I noticed that many of the significant SNPs for allelic imbalance are SNPs that have only the reference allele in the ChIP-seq data. See the first 10 lines as an example from your file ASB.auto.v2.1.aug16.txt.tgz that can be downloaded from AlleleDB database :
chr start end TF_indiv_ASB ref alt cA cC cG cT p.binomial p.betabinomial
chr1 91604 91605 SA1_NA19099_ASB C T 0 45 0 0 5.68E-14 0.000376021311925
chr1 714018 714019 POL2_NA18505_ASB A G 2 0 19 0 0.000221252441406 0.003114747121148
chr1 714018 714019 POL2_NA19099_ASB A G 2 0 19 0 0.000221252441406 0.002559182427128
chr1 762484 762485 RPB2_NA11894_ASB C A 0 11 0 0 0.0009765625 0.004566586027278
chr1 762600 762601 RPB2_NA11894_ASB T C 0 12 0 0 0.00048828125 0.002968280917731
chr1 840035 840036 SA1_NA18951_ASB T G 0 0 1 168 2.44E-37 0.001745366786663
chr1 937397 937398 SA1_NA19099_ASB G A 0 0 81 0 8.27E-25 5.03E-05
chr1 1167795 1167796 RPB2_NA11894_ASB C T 0 26 0 0 2.98E-08 2.29E-05
chr1 1407371 1407372 RPB2_NA11831_ASB T C 0 0 0 41 9.09E-13 0.000260638330353
chr1 1551110 1551111 POL2_NA19099_ASB C G 0 30 0 0 1.86E-09 1.67E-06
If I understand well allelic imbalance, only SNPs with genotypes that are heterozygous are tested for allelic imbalance.
In this case, the first SNP in the above table (for instance) has a genotype C/T, but shows 45 reads with C and 0 reads with T. This is indeed a strong allelic imbalance. In your data, there are many examples like that.
However, I heard many biologists saying that cell lines are not stable and mutations accumulate over time.

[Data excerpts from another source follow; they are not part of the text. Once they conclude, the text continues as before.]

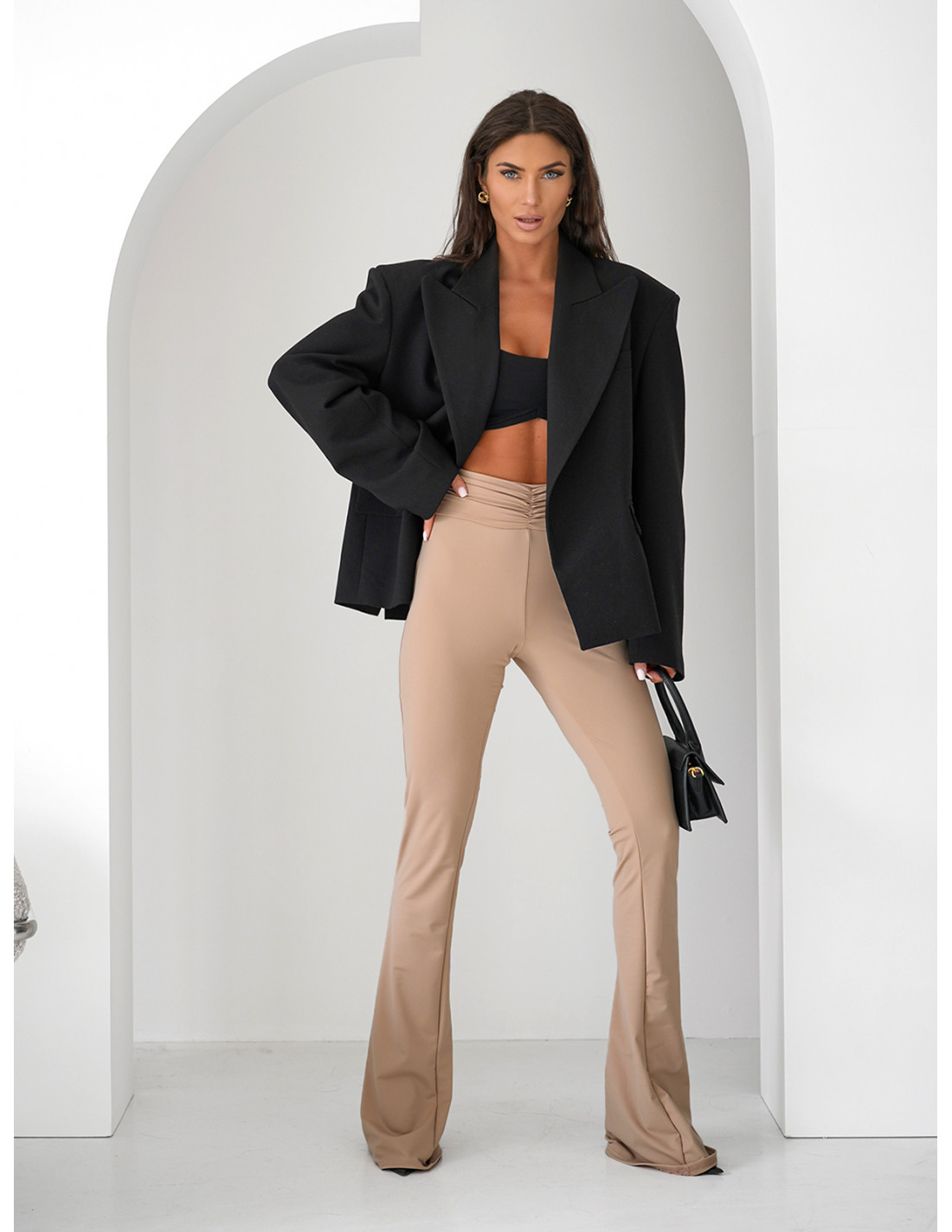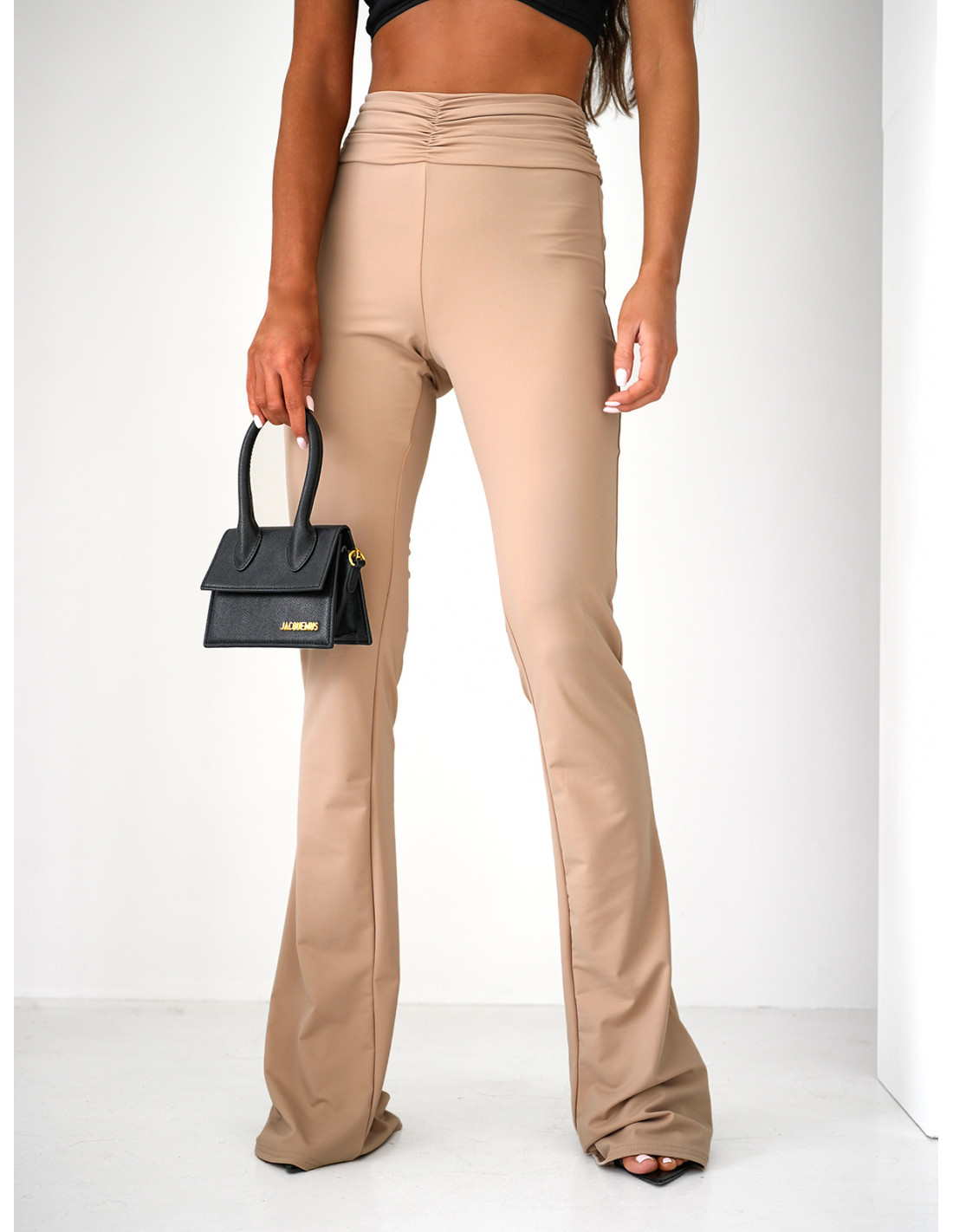Elastyczne spodnie dzwony z marszczeniem MIRTH - beżowe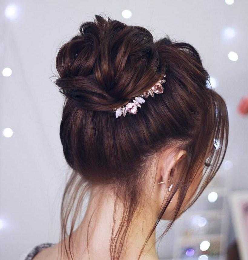 Для торжественного случая можно сделать вечерний пучок на голове с помощью бублика и украшений.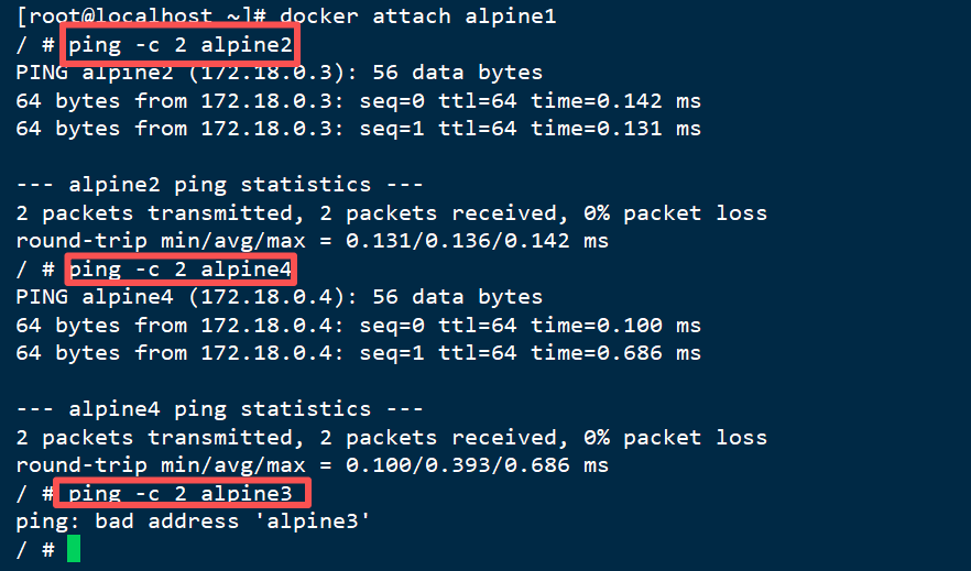 如图所示,可连通。(注:在默认桥接网络下不能通过容器名来连通alpine2)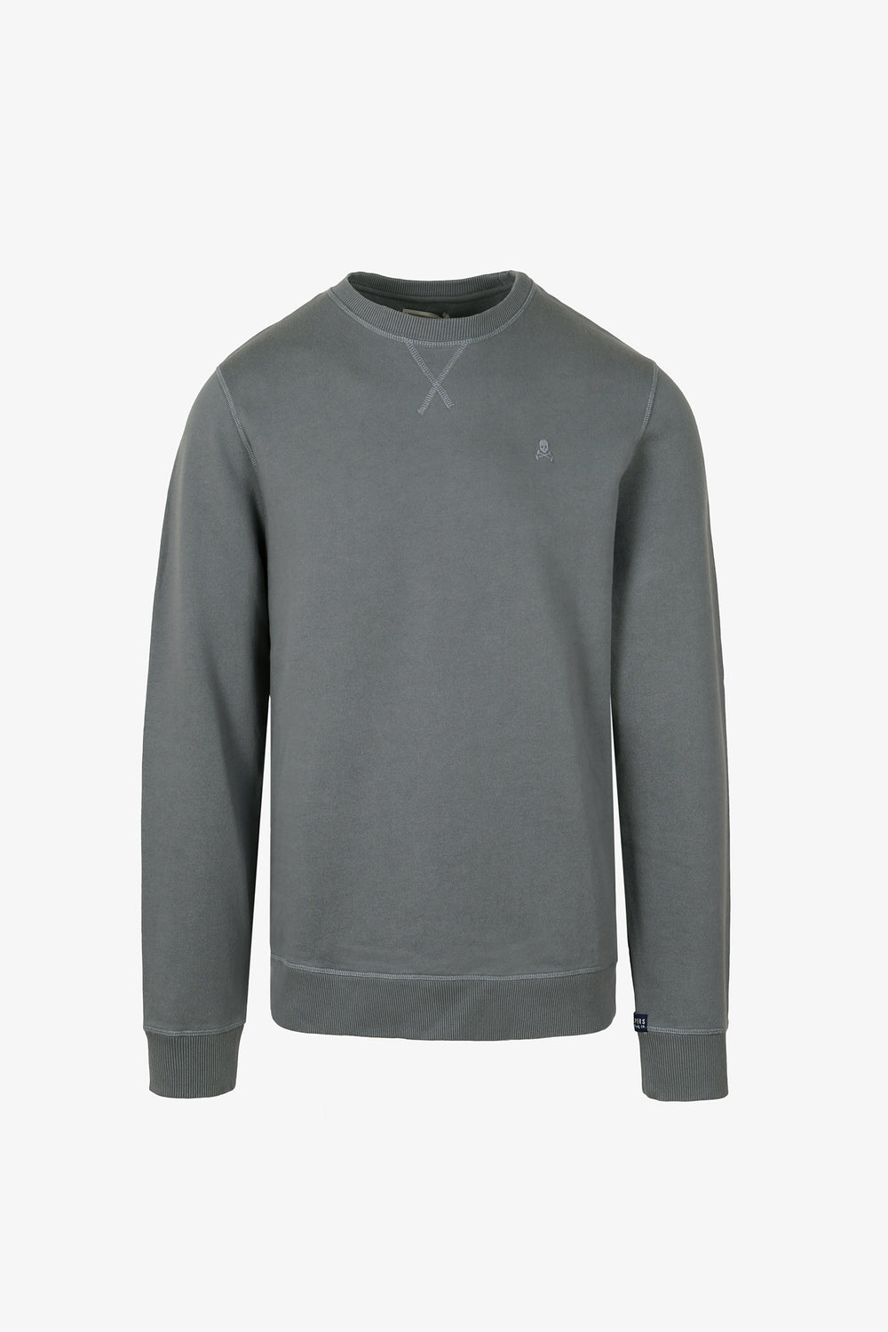 Sudadera confeccionada en tejido 100% algodón orgánico con lavado stone wash. Corte Regular Fit, cuello redondo y manga larga terminada en rib. Detalle de cosido en cruz en el cuello, etiqueta decorativa en puño y calavera bordada a tono en el pecho.

Is it possible that the first SNP is actually homozygous C/C in the cells used for ChIP-seq experiment because of mutations that occurred during cell culture, given that the genotyping by 1000 Genome project and the ChIP-seq experiment might have been done at different times or by different labs?
What do you think?
Thank you for your interest in AlleleDB!
Right, only heterozygous SNVs are tested for the imbalance. We used the 1000G Project variants for these analyses, did not call them ourselves. Indeed, allelic calculations are very sensitive to genotype calls. Thus, a false-positive heterozygous SNV call, as well as a mutation in the cell-line as you described (not sure if there can be many of those), could lead to a false allelic imbalance call. If this is crucial for your analyses, a simple strategy would probably be filtering the call-set to keep only the SNVs where the ‘weaker’ allele is supported by at least one read, though this would remove some true strong imbalance calls as well.